Arşiv

  • Mayıs 2024 (3)
  • Nisan 2024 (15)
  • Mart 2024 (19)
  • Şubat 2024 (19)
  • Ocak 2024 (18)
  • Aralık 2023 (17)
  • Kasım 2023 (14)
  • Ekim 2023 (15)
  • Eylül 2023 (12)
  • Ağustos 2023 (21)
  • Temmuz 2023 (18)
  • Haziran 2023 (13)

    IMF'nin son kararlarla artan gücü Türkiye ile görüşmelere de yansır

    Hasan Ersel, Dr.06 Nisan 2009 - Okunma Sayısı: 1018

    G-20 bildirgesindeki en önemli hamle IMF'ye dair alınan kararlar. Bildirge, her şeyden önce, IMF'yi ön plana çıkarıp itibarını güçlendirmeyi hedefliyor. İkinci olarak bu itibarın işe yarayabilmesi için gerekli mali destek verileceği sözü de yer alıyor. G-20 toplantısı başarıya gereksinimi olan herkesi memnun etti. Tabii başarı ölçütü herkes için farklıydı. Kimileri için bu toplantıya katılmış olmak başarıydı (Türkiye), kimileri için ise kendi kamuoylarını tatmin edecek önerilerinin reddedilmemiş olması (ABD, Almanya ve Fransa)! Tabii küresel krizin söz konusu olduğu ortamda konferansın başarısının tek ölçütü vardı: Ülkelerin, hiç olmazsa bazı konulara, uzlaşabildiklerinin dünyaya gösterilmesi. Büyük Britanya'nın bu yöndeki çabası meyvesini verdi. Kutlamak gerek. Sonunda dokuz sayfalık bir liderler bildirgesi ve eki yayımlandı. Bu dokümanlarda niyetlerin yanı sıra somut önlemlerden söz ediliyor. Dolayısıyla G-20 toplantısını dünyaya moral vermek için yapılmış bir iyi niyet gösterisi olarak değerlendirmek haksız ve yanıltıcı olur. Yapılması gereken bu önlemleri ele alıp beklenen sonuçları vermede ne ölçüde başarılı olabileceklerini tartışmak ve alınabilecek başka önlemler olup olmadığı üzerinde durmak. G-20 toplantısının sonuçlarını iyi anlayabilmek için şu anda yaşadığımız sorunlar açısından, nelerin yapılamadığına da dikkat etmek gerekiyor.
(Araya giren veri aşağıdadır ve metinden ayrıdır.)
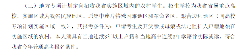 地方专项:大部分省份要求考生为农村地区户籍,有些省份要求考生本人须具有当地连续3年以上户籍和当地高中连续3年学籍并实际就读。符合考生所在省份本年度统一高考报名条件并已参加当年高考报名。

Bildirgede banka bilançolarının temizlenmesi ve mali canlandırma önlemlerinin alınması konularında somut küresel önlemler yer almadı. Demek ki, bu sorunların çözümü ulusal devletlerin alacağı kararlara bırakılmış oldu. Büyük Britanya Başbakanı Gordon Brown'un kapanış konuşması ve bunu izleyen soru/yanıt kısmında, pek çok kere, ulusal devletlerin aldıkları ve alacakları önlemlerin boyutunun gelecek sene ortalarına kadar 5 trilyon doları bulacağını söylemesi, belki de bu konuda ortak tutum benimsenememiş olmasında duyduğu düş kırıklığını dile getiriyordu.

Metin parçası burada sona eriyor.